L’expérience musicale conduit à l’expérience humaine De l’expérience musicale à l’expérience humaine, La Revue musicale, n° 274-275, Éditions Richard-Masse. Paris, 1971.

Tout est dans tout1 Parmi les fruits les plus précieux de l’expérience, je partage avec quelques ancêtres l’idée que « tout est dans tout ». Cette idée, comme toutes les idées simples, est particulièrement difficile à exposer  ; comme toutes les évidences, elle est quasi indémontrable. Démontrer veut dire en effet, non seulement qu’on montre à quelqu’un d’autre, mais que ce quelqu’un n’a qu’à assister à la démonstration pour être convaincu, et même, en géométrie grecque, on le suppose ratiocineur et finassier : il est là pour objecter. La sorte de démonstration que je désire faire, la seule qui soit possible requiert une toute autre attitude. Non de crédulité, mais d’espérance. La crédulité signifie qu’on se fie à quelqu’un, qu’on se laisse séduire.
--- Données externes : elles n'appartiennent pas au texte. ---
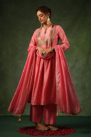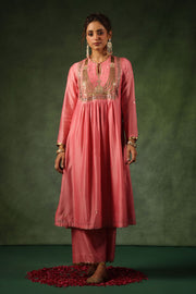 This 2pc kurta set comes with heavily embroidered zardosi yoke and butis spread all over the kurta. The hem of the sleeves and pants are embellished with gold tikki hangings. Optional embroidered organza dupatta available on request.
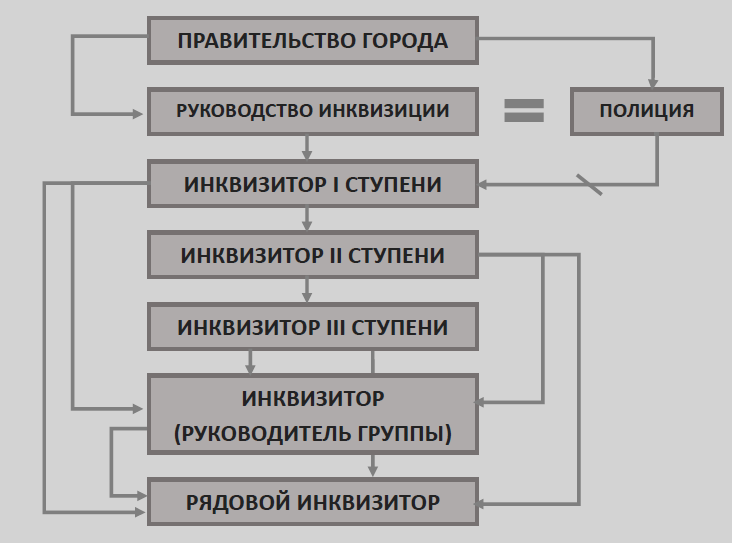 [indent] Легализация организации "Инквизиция" требовала от руководства четкой структуры и иерархии. После ряда переговоров была утверждена следующая иерархия: правительство города (в лице мэра и его команды) устанавливает власть над руководством инквизиции и берет на себя большую часть расходов на содержание каждого отдельного члена организации (сюда входит еда, вода, жилье в случае необходимости, базовое покрытие досуга, экипировка и снаряжение, средства связи). Руководству инквизиции подчиняется вся организация, начиная инквизитором первой ступени и заканчивая рядовыми инквизиторами и стажерами. Инквизитор третьей ступени подчиняется инквизитору второй и первой ступени, инквизитор второй ступени подчиняется инквизитору первой ступени. Все они подчиняются высшему руководству. Инквизитор каждой ступени контролирует руководителей групп инквизиторов (за каждым из них закреплена своя, однако в равной степени каждому инквизитору-столпу подчиняются все группы). Инквизитор-руководитель группы имеет в подчинении группу рядовых инквизиторов. Рядовой инквизитор подчиняется только своему руководителю и вышестоящим. Руководитель группы А не может контролировать деятельность группы Б. |

L’espérance ou la foi signifie qu’on postule un objectif, quitte à douter des chemins et du guide. Le doute, qui est l’envers de la foi, revient au même. C’est le sentiment qui inspire beaucoup de héros, d’aventuriers. S’ils ne doutaient pas tant, ils n’iraient pas si loin dans l’aventure pour savoir enfin si leur but existe ou non. Seules, l’indifférence et la passivité s’écartent de mon propos. Cette sorte d’indifférence (intellectuelle) ou de passivité (émotionnelle) qui marquent la plupart des activités contemporaines : fausse objectivité du savoir, faux détachement de l’art. Cette fois, opposé à « tout est dans tout », c’est « rien n’est dans rien ». La proposition à laquelle je m’attache contient sa réciproque : l’expérience musicale conduit à l’expérience humaine, et inversement. Remarquons qu’il s’agit bien de deux « tout », et non du fait que l’un serait partie de l’autre : si tout est dans tout, il n’y a pas de petit tout dans un grand TOUT.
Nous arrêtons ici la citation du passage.